Building the Dream 4 - Random city basics

Posted by Jeffrey Lee on 12:00, 28/11/2008 | , , , ,
As stated in the last article, this time I'll be looking at what went into the MK I map generator for my eternally work-in-progress game, DeathDawn.
Specifically, I'll be looking at the implementation and evolution of the following components of the generator:
  • City block placement.

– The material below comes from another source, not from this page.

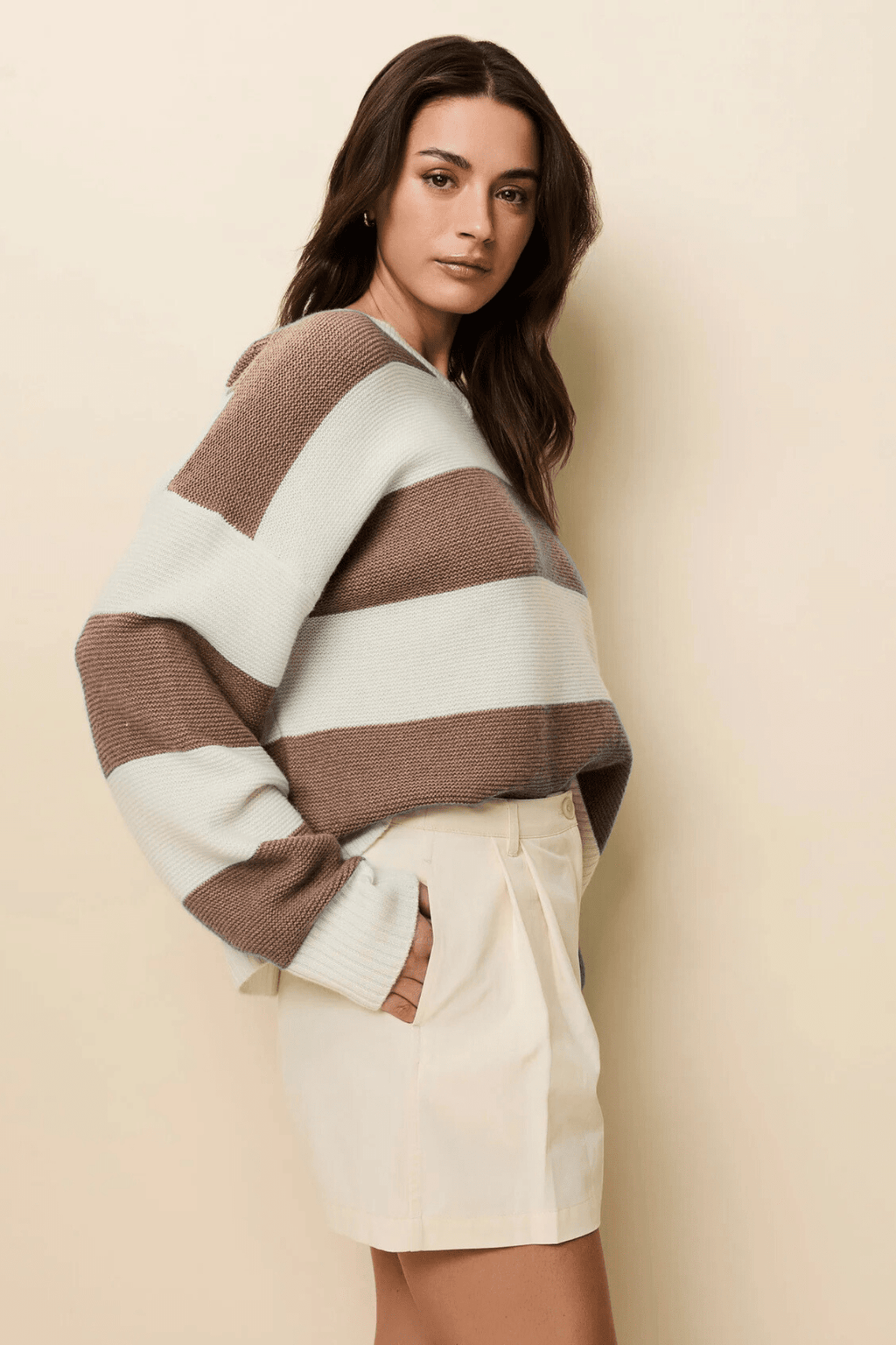 ONLINE ONLY | Polo Stripe Sweater - Pink/Cream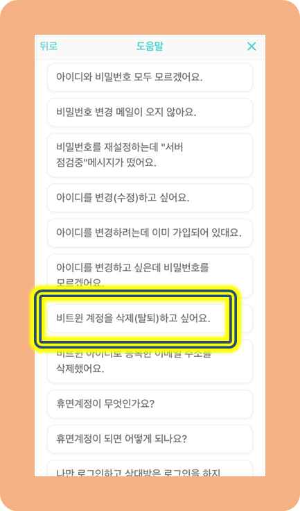비트윈 계정을 탈퇴하고 싶어요라는 버튼을 클릭해주세요.

This is arguably the most important stage as it defines the overall layout of the city.
  • Edge and node linking. A housekeeping stage that prepares the data structures for the road weighting stage.
  • Road weighting. A city with roads which all have the same number of lanes isn't very realistic, so this stage uses an algorithm to determine the number of lanes each road should have.
  • Road and building painting. With the city structure generated, all that's left is to translate it into the format used by the engine during actual gameplay.

City block placement

Choice of algorithm

If I wanted the city to look like a city, the choice of algorithm for laying out the city blocks is undoubtedly one of the most important choices to be made. At the time, I had several options available:

  1. The previously-described algorithm used in maze game GAIO, where one large room is recursively split into smaller rooms along either the horizontal or vertical axis. Except in the case of DeathDawn the rooms would be buildings and the walls would be roads.
  2. A solution borrowed from elsewhere, for example that used by Team Black Sheep's Robocup Rescue city generator. In the above-named example roads are placed onto the lines of an irregularly-spaced grid, then some roads are removed at random to enlarge the size of some city blocks, and then random offsets are applied to the node coordinates in order to add more bends and hide the fact that the roads are based around a rigid grid structure. All except the last step would be applicable for DeathDawn, due to the near impossibility of representing roads that don't run along the 4 cardinal directions.
  3. An entirely new algorithm developed with DeathDawn in mind
In the end, the decision was made to develop a new algorithm. The GAIO algorithm was deemed inappropriate due to its tendency to generate one long road running from one edge of the city to another, making the output feel too artificial. The Black Sheep Robocup Rescue generator was also deemed inappropriate, since it relied too much on the random displacement of nodes (and thus support for diagonal roads) in order to generate the desired effect.
Other useful food for thought during this development process included Nikos A. Salingaros's keynote speech "Connecting the Fractal City", presented at the 5th Biennial of towns and town planners in Europe.


Figure 1
Output of the first city block generator (Click for larger)

Figure 2
Output of the tweaked city block generator (Click for larger)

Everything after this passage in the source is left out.